- [REQUIRED ACTION] In the records below, find the line that contains "高齢者の希望に応じた幅広い職" and the line that contains "Argent Foire d'Avignon", then retype exactly those two lines and every line between them.

- [SUPPLIED ENTRIES]
++++++
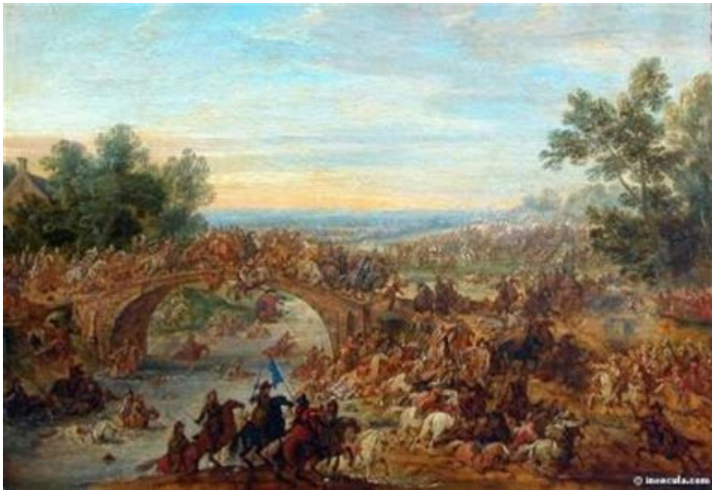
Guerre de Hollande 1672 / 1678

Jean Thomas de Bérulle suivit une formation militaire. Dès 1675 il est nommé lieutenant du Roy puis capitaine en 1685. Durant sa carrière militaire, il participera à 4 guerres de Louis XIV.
++++++
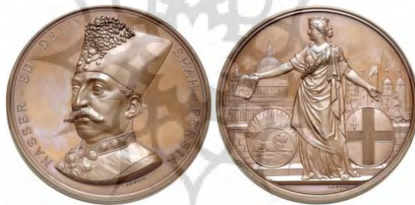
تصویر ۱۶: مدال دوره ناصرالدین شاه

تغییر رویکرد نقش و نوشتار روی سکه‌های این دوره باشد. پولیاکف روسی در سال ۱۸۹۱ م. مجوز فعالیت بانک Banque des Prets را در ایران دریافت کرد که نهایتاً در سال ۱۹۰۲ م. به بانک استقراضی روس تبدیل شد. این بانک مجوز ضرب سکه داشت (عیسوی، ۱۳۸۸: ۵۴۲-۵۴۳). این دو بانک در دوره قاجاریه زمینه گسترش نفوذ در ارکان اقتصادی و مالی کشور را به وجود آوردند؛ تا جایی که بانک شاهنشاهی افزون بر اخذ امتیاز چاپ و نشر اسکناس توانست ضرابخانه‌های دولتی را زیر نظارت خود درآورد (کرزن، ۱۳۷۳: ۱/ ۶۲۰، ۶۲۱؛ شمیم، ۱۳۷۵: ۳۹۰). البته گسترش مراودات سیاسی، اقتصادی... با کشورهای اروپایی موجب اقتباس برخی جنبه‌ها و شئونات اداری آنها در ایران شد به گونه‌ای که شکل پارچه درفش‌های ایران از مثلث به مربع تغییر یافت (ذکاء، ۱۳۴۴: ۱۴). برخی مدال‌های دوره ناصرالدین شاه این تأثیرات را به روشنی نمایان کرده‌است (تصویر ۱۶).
++++++
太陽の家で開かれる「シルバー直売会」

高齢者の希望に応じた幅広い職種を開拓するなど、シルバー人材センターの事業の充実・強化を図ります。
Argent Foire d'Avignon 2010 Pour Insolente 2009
++++++
- [ANSWER TO THE PROBLEM]
高齢者の希望に応じた幅広い職種を開拓するなど、シルバー人材センターの事業の充実・強化を図ります。
Argent Foire d'Avignon 2010 Pour Insolente 2009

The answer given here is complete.